As you know, Aqua Den is a non-profit board with no advertising. In an effort to keep it that way, we rely on the generous donations from members, and the small profit from sales at the Aqua Den store. Here's your chance to contribute to our new 2006 aquatic calendar, which will be offered through the Aqua Den store.

The rules and fine print:

There will be three prizes consisting of:

* $50 cash for the most popular photo, plus the cover photo for the calendar and one of the months featured. 
* $25 for second place, plus one of the months featured. 
* $10 for third place, plus one of the months featured.

The other 9 chosen entries will have their photo featured on one of the monthly photos in our calendar, and the option of buying the calendar at cost.

1. Please include the following information with your submission: 
Name: (member name or real name) 
Photo Title: (optional, but helpful for posting) 
Photography equipment: (optional) 
Tank/livestock data: (not required, but helpful) 
Comments: (optional) 
E-mail address: 
(Personal information will not be posted on the board, and entries will remain anonymous for voting purposes.)
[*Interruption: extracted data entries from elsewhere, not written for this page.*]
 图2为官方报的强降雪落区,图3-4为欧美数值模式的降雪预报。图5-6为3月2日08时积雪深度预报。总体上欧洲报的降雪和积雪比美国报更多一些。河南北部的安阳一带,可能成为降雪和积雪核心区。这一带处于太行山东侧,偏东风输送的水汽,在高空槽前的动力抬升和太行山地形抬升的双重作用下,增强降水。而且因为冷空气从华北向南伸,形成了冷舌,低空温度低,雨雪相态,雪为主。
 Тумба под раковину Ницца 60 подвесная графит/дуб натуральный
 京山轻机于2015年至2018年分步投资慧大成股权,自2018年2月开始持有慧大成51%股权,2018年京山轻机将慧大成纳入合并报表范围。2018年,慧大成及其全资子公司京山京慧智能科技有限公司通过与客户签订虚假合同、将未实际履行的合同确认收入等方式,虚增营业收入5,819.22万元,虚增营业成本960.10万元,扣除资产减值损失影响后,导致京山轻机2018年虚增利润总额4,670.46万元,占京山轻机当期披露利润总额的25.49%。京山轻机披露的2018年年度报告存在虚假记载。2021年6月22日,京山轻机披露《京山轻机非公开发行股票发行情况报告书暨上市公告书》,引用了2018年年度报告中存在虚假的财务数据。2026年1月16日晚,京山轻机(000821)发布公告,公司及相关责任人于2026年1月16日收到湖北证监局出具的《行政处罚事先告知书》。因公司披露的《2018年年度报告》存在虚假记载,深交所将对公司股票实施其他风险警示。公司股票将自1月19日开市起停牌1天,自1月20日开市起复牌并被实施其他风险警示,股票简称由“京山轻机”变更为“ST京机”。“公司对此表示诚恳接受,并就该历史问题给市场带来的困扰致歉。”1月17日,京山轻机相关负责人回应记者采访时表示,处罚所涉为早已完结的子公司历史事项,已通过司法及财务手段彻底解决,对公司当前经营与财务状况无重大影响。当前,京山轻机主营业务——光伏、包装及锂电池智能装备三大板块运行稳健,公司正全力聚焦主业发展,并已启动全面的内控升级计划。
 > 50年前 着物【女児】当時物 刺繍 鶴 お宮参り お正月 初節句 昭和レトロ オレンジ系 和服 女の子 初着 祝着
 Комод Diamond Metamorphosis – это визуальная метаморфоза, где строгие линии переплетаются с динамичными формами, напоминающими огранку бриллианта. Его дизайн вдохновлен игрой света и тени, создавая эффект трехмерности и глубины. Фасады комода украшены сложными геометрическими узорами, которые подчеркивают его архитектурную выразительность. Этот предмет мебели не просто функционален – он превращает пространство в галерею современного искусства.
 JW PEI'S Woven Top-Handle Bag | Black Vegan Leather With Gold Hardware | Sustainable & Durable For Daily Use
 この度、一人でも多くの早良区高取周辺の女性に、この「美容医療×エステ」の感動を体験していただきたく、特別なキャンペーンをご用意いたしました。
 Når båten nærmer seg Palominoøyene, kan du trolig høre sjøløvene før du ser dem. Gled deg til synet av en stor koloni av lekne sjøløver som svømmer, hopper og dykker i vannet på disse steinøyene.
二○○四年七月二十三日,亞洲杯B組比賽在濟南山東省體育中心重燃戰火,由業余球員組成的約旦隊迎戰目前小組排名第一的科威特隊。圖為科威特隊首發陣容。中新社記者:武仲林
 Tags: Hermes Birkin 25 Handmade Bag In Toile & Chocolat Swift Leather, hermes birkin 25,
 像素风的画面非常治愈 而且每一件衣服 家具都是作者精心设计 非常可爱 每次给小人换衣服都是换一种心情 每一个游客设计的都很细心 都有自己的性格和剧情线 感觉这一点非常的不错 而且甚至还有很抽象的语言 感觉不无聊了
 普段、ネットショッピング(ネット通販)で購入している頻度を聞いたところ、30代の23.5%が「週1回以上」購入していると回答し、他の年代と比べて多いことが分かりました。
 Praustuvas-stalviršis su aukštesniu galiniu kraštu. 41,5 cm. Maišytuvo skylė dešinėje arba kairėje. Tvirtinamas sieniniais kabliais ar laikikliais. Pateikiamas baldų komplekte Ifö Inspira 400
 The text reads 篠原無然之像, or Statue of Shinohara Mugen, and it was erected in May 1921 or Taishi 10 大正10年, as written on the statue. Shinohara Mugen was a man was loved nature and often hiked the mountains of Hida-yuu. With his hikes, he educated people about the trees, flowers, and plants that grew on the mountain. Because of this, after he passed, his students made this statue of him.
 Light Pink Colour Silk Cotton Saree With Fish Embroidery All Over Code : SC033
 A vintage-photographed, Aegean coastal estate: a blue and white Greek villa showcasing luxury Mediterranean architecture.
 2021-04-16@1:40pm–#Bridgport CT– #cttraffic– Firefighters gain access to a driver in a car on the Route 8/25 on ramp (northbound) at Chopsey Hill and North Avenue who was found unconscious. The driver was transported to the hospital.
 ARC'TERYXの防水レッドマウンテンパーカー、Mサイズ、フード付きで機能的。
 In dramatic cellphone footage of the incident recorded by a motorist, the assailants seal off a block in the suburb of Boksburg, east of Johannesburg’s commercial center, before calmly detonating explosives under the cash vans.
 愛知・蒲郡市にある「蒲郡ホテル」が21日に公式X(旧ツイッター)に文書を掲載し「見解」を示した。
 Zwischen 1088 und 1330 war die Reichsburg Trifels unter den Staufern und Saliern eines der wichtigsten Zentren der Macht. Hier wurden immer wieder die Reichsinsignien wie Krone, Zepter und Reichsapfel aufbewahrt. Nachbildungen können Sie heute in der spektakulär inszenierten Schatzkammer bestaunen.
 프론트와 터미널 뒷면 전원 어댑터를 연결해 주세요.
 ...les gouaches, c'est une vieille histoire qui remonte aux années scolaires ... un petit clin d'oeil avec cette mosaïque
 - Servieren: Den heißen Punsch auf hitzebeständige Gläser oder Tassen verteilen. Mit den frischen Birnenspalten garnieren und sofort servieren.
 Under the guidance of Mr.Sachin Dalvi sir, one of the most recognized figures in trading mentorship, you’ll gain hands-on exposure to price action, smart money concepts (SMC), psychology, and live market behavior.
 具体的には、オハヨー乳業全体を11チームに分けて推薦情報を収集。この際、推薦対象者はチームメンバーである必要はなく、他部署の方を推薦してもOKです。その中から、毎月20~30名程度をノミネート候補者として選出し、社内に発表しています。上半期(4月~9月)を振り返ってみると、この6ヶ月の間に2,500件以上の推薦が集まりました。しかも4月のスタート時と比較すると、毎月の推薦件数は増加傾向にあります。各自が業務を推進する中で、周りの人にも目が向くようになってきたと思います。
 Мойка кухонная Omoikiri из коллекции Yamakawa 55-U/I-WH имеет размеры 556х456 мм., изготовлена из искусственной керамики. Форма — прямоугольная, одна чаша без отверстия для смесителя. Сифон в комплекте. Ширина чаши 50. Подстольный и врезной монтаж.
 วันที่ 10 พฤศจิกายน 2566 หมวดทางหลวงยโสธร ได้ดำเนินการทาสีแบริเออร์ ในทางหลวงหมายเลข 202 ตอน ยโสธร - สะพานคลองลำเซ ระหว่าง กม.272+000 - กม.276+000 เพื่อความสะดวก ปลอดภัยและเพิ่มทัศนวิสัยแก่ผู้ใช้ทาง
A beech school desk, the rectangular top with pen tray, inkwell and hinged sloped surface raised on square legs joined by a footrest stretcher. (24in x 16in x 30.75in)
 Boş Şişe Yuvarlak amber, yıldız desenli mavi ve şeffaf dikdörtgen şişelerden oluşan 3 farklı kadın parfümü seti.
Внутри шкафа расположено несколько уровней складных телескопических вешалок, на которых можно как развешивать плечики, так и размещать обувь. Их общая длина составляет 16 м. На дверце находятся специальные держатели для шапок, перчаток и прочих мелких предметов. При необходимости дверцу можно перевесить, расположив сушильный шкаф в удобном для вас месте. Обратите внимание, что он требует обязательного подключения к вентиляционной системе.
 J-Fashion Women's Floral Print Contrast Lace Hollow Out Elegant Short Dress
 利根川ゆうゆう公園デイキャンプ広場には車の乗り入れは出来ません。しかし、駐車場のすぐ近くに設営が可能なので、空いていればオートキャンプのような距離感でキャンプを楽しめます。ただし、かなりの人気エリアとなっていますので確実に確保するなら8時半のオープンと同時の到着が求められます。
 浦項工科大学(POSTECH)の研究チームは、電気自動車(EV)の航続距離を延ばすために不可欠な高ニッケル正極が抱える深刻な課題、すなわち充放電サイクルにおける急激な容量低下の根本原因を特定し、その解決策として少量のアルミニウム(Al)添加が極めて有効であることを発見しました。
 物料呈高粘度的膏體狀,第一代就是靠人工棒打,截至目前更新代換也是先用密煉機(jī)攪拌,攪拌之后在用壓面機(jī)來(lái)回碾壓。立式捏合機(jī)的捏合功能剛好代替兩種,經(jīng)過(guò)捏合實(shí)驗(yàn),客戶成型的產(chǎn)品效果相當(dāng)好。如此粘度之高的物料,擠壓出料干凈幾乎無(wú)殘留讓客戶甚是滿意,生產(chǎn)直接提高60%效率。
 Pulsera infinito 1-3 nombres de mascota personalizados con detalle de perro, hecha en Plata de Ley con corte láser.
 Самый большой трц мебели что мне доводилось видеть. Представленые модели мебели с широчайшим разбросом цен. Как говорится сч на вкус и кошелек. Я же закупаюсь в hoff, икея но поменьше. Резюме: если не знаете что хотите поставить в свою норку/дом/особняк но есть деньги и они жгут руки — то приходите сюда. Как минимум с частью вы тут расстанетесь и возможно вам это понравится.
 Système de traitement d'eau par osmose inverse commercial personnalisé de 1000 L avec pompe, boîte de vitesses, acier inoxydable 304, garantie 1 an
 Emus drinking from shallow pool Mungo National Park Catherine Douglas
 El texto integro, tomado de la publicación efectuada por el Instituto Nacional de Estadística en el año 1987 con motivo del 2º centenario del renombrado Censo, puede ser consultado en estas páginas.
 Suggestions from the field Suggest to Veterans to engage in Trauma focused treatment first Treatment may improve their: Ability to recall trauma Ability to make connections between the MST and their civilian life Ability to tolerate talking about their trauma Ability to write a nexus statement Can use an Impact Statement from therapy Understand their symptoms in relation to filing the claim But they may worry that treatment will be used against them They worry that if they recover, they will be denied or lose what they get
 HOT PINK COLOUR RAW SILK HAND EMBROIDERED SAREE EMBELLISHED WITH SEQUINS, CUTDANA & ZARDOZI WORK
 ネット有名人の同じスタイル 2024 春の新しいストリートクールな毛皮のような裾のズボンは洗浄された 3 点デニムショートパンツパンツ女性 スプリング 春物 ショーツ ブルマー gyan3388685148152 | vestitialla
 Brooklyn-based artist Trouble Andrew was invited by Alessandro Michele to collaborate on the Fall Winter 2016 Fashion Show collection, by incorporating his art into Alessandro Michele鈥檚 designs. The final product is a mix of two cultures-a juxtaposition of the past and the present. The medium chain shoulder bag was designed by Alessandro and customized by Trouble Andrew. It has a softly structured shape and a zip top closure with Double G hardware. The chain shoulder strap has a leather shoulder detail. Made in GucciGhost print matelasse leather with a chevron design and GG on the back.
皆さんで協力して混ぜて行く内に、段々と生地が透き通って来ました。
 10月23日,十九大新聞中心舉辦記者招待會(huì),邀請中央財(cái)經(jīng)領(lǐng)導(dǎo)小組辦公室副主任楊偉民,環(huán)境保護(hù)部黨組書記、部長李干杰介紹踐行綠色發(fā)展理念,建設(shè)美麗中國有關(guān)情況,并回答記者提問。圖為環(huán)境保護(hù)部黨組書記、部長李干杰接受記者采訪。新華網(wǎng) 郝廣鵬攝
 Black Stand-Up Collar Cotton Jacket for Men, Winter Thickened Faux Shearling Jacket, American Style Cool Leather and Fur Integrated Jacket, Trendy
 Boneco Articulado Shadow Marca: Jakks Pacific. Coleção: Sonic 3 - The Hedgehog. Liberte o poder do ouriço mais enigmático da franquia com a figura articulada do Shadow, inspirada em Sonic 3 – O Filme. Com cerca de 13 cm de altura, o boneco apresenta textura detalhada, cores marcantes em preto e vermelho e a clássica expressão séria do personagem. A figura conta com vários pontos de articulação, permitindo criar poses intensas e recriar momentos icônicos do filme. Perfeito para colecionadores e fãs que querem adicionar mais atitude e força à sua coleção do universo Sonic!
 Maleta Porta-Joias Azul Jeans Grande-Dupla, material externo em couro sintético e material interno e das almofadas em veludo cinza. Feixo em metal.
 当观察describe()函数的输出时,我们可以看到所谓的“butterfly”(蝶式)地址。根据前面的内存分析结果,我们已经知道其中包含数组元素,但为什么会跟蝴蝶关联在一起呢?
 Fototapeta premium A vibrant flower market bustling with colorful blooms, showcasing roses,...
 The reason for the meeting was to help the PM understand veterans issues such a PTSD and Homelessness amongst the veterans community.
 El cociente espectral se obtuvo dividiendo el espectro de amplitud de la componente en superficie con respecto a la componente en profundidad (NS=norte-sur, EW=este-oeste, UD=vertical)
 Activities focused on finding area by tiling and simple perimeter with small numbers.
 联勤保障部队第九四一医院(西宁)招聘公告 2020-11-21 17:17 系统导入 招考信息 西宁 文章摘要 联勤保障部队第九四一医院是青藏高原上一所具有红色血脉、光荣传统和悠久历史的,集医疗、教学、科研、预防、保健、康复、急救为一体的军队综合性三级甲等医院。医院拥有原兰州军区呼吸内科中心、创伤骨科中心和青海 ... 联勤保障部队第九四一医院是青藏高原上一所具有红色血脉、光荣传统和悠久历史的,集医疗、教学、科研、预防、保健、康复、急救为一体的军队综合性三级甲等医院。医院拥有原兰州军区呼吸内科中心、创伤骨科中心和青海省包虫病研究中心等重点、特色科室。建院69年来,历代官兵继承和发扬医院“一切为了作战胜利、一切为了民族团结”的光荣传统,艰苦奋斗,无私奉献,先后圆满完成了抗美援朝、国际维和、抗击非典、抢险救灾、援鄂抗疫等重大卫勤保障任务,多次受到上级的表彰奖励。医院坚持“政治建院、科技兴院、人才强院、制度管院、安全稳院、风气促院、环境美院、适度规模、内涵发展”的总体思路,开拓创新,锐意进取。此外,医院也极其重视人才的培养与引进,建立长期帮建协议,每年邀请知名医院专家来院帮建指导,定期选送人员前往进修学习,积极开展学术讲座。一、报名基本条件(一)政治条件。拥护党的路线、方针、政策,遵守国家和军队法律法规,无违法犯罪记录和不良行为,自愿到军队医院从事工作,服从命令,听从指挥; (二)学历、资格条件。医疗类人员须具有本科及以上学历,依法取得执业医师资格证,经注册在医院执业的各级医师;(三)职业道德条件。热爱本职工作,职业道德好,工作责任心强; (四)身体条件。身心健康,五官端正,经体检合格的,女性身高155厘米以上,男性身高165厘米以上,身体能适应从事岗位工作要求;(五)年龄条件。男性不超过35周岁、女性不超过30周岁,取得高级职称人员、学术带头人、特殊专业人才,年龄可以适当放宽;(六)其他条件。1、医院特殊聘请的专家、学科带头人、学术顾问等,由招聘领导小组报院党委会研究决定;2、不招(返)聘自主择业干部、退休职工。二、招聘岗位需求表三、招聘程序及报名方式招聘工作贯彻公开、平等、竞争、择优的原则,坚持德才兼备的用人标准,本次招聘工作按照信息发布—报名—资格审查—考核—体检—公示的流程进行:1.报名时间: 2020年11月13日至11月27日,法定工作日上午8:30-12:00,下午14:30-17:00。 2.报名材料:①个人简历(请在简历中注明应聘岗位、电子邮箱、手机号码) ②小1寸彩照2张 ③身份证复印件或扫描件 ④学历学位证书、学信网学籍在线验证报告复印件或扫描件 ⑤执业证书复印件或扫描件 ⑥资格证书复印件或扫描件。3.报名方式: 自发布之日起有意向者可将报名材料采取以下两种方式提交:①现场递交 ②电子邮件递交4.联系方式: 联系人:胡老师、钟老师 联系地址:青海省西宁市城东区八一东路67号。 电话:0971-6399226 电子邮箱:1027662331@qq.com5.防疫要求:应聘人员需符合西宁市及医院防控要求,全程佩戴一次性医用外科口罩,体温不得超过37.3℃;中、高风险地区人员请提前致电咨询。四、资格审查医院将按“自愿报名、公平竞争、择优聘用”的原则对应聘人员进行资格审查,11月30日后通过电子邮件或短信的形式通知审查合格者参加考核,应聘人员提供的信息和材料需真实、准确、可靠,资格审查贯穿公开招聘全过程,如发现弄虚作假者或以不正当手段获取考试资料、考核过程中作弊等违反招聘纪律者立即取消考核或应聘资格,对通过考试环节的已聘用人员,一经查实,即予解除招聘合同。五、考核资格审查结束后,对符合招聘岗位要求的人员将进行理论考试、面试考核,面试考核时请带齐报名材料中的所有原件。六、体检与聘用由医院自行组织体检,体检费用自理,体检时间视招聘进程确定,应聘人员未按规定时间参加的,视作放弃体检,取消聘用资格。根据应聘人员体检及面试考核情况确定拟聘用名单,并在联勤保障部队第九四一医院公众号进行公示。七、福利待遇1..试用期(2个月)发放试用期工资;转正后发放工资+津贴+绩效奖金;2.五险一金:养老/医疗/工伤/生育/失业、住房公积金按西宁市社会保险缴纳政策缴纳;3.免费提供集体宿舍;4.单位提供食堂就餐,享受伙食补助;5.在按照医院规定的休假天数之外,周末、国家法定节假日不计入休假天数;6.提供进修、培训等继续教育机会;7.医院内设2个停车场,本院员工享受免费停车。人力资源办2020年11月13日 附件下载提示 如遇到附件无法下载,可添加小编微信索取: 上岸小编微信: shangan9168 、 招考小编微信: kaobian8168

2. Submit your entries to [email protected] (as an attachment, in jpeg format), and they will then be posted in the Aqua Den calendar photo contest thread. This thread is only to be used for posting of photos and accompanying info. Other comments/replies will be moved/deleted.

3. Members *with at least 5 posts* may submit up to, but no more then 3 entries. Non-winning images may be resubmitted for future contests (if applicable). Winning photos are ineligible for resubmissions for 3 years.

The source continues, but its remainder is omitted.